Grid Engine 6.2 on Mac OS X

Installing Grid Engine 6.x on modern versions of Mac OS X (client and server)

As of early 2010, Grid Engine is effectively not installable out of the box on modern version of Mac OS X. We have seen this recently with server and client versions of OS X 10.5.* as well as the new Snow Leopard (10.6.*) releases.

This used to not be a big deal and the workarounds were trivial. Something seems to have changed, however, in recent updates to OS X that render the Grid Engine binaries unable to function when :

  • When started during the installation process
  • SystemStarter() scripts that SGE tries to install on Apple systems
  • Manually started by user root via the command line

This is obviously a show-stopper now for new SGE users. We have no idea why this is the case but have witnessed the behavior on many 10.5 and 10.6 systems (many of them running OS X Server).
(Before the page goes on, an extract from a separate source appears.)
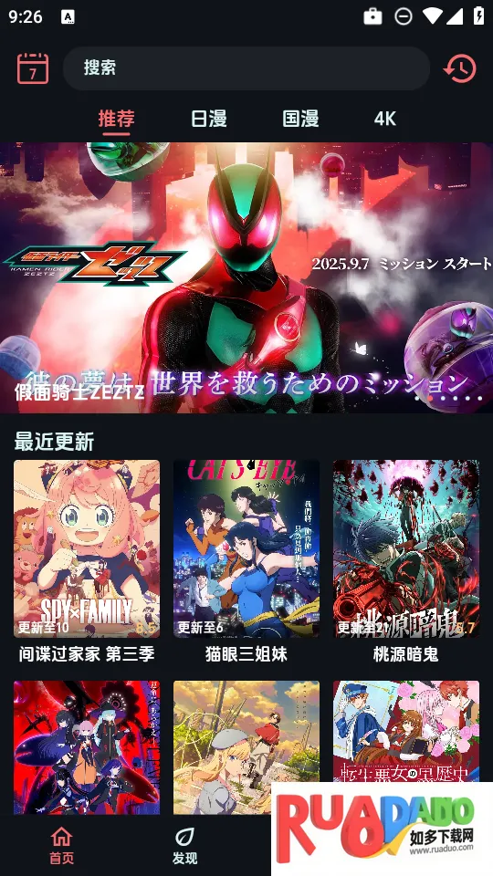 1、在软件首页下,我们能够看到一系列最新更新的日漫、国漫等动漫作品。

The problem with Grid Engine on modern versions of OS X can be simply stated:

SGE binaries will not launch or will be unreliable when started by ANY METHOD other than the system level OS X “launchd” service framework.

… and since neither the SGE installation scripts nor “traditional” SystemStarter() scripts that SGE install on Mac OS X systems use launchd framework this basically means that SGE 6.2 is unusable out of the box without manual intervention and custom starter scripts.

How to manually get SGE 6.2x working on Mac OS X systems

This process will be very simple to someone who already understands Grid Engine administration and is comfortable with SGE admin commands – unfortunately it may be confusing to novice or beginners because we have to interrupt the automatic SGE installation process and complete things by hand using SGE admin commands.

The method:

  1. Run the “install_qmaster” script normally. The fact that it will fail is not a big deal – before it fails it will construct the SGE_CELL directory, configure spooling and otherwise do all of the behind the scenes steps necessary to support a functional SGE qmaster process.
  2. When the install_qmaster script fails, exit out and manually kill any zombie sge_qmaster daemons that may be hanging around on the system
  3. Download and run the sge-launchd-scriptmaker tarball from this BioTeam Blog post.
  4. Run the sge-launchd-scriptmaker utility. This simple perl script will query your SGE environment and construct several .plist files suitable for copying into the /Library/LaunchdDaemons/ OS X folder
  5. Using OS X “launchctl” commands, restart sge_qmaster
  6. At this point the SGE qmaster is running and functional and we can manually complete a few additional configuration steps…
  7. Create and populate a hostgroup named “@allhosts”
  8. Create and configure the default cluster queue object (“all.q”)
  9. At this point the SGE install_execd script should work but you can also skip that step and just launchd sge_execd via the launchctl framework (a step that will be necessary even if the exexhost installer script functions fine)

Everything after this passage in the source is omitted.